Figure 1. PCA of cancer samples based on their mutational signatures in the 3-nucleotide context. PCA of the 2592 samples of PCAWG based on their normalized mutational signature in 3-nucleotide context. (A) The samples are colored based on the different adenocarcinomas and grey is used for all other cancer types. (B) Samples are colored based on their biological sex (female: black; male: grey). (C) Samples are colored based on age groups of three intervals ((0,25] years in dark violet, (25,50] years in violet and (50,75] years in light violet).

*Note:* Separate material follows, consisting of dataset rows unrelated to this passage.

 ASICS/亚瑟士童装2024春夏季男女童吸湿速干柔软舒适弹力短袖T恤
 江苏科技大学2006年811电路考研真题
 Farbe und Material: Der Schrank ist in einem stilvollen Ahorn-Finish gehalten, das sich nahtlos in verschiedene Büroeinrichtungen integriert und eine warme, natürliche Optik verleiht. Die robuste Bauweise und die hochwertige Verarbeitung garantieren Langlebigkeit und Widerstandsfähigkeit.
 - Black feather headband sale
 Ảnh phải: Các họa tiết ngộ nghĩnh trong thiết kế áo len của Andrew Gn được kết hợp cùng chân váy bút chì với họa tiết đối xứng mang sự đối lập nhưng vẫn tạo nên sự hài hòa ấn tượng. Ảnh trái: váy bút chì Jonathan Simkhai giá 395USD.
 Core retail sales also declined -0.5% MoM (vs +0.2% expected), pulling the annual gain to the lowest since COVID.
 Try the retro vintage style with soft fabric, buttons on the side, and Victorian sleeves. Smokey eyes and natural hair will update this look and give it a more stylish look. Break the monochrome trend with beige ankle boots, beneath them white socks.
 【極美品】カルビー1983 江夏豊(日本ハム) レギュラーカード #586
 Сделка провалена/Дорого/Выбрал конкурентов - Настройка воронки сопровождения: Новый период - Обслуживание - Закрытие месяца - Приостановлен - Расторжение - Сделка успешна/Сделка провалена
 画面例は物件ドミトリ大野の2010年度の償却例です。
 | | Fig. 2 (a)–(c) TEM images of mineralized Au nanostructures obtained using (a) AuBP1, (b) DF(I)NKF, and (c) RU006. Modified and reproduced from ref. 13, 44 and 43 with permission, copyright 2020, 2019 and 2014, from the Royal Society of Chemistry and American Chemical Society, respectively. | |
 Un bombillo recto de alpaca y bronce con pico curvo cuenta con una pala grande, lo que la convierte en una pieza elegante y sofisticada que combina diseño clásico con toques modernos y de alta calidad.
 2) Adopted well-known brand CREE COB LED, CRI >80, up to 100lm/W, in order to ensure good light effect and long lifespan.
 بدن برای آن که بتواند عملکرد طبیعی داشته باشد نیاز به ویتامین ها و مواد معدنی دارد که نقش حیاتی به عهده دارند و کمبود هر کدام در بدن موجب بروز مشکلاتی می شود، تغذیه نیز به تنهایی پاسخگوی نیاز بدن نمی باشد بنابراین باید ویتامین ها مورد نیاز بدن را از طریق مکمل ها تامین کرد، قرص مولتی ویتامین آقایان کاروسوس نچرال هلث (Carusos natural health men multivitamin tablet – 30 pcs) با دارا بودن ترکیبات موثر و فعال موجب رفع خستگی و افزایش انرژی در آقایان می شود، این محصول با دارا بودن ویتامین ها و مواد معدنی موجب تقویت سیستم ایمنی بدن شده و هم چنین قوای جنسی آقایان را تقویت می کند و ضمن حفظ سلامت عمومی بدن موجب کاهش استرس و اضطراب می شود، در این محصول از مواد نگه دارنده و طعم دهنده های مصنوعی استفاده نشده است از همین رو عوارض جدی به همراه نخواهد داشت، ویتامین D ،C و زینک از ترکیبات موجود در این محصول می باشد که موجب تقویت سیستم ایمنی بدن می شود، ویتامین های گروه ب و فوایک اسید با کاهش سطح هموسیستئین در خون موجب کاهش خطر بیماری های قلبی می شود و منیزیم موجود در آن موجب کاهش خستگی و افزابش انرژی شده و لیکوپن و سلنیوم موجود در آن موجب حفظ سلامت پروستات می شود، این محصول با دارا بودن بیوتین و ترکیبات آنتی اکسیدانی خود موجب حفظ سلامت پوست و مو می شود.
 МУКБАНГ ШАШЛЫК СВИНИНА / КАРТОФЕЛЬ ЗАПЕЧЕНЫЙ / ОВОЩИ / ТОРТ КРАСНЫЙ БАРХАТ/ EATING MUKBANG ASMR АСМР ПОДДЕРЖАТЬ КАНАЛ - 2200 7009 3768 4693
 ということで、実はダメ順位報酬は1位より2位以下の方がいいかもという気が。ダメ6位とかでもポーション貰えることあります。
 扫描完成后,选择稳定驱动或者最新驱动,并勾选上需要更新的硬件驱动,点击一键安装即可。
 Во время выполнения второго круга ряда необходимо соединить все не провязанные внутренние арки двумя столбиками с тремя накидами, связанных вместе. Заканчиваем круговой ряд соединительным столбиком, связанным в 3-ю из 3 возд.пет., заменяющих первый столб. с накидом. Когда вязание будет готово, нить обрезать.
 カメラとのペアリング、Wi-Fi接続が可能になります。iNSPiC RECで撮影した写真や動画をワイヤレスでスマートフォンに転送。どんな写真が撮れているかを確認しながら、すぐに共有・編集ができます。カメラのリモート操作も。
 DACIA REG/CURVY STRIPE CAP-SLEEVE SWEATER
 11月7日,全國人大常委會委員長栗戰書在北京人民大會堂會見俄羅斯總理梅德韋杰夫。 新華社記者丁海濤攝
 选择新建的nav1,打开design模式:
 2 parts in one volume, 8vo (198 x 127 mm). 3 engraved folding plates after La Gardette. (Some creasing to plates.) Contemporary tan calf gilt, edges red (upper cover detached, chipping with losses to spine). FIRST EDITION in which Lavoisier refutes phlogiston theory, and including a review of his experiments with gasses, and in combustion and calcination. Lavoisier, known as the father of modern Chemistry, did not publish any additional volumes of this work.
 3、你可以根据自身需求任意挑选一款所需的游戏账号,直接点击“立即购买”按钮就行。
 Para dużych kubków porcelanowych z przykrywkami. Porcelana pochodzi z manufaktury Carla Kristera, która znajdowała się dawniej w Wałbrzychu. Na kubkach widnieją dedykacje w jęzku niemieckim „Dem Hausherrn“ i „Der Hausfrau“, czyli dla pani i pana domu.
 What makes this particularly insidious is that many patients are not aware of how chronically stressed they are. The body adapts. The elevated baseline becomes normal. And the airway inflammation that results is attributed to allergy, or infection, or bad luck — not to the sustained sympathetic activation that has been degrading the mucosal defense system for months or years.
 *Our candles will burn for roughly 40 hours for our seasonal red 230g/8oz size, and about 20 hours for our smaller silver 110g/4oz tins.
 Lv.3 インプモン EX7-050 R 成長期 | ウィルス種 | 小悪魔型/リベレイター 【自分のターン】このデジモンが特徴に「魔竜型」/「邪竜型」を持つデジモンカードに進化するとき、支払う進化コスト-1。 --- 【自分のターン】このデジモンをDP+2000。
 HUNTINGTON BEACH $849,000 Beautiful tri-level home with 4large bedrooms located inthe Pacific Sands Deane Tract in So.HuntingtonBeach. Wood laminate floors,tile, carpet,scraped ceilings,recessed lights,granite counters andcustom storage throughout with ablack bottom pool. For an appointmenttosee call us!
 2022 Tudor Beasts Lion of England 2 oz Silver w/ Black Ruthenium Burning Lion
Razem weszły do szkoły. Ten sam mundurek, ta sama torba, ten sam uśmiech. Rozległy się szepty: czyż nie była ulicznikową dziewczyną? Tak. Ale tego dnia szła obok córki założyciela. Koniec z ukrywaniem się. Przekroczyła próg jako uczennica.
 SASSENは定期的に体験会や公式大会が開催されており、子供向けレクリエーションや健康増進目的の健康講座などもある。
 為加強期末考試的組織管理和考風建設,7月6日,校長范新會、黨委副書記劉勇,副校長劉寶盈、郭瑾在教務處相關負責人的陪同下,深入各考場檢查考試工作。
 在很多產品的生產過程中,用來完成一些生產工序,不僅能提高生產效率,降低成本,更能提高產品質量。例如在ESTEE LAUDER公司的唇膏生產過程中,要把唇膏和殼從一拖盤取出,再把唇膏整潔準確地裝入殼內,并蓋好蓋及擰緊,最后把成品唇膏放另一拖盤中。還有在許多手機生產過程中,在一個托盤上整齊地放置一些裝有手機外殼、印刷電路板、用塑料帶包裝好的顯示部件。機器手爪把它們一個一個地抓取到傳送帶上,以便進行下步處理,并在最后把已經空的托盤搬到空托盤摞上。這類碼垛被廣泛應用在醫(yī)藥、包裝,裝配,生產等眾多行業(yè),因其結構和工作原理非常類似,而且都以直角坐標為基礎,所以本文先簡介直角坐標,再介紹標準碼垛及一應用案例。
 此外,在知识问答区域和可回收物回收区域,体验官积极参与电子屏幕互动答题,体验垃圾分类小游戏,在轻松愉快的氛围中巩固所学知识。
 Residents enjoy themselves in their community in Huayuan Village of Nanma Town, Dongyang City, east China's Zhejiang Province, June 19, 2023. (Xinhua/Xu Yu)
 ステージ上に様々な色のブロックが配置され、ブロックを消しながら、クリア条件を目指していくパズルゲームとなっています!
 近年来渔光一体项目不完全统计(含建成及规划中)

Figure 2. Correlation of mutational profiles in cancer types. (A) Example mutational profile signature of Thy-AdenoCA, overlapped with SBS6. The lower portion is scaled from 0 to 0.1, with both signatures overlayed. The Thy-AdenoCA is outlined in black. The upper portion is scaled from 0.10 to 0.175. (B) Dot heatmap of Pearson correlation between the different cancer types sorted by their primary site location within the human body. (C) Pearson correlation heatmap (−1: anticorrelation; 0: no correlation; 1: correlation) of the mutational profiles of cancer types to COSMIC signatures related to repair mechanisms (SBS3, SBS6, SBS13, SBS14, SBS15, SBS20, SBS21, SBS26, SBS36 and SBS44). (D) Heatmap of the summed-up feature-wise absolute correlation (0: no correlation; 1: complete correlation) of cancer types and the COSMIC signatures related to repair mechanisms.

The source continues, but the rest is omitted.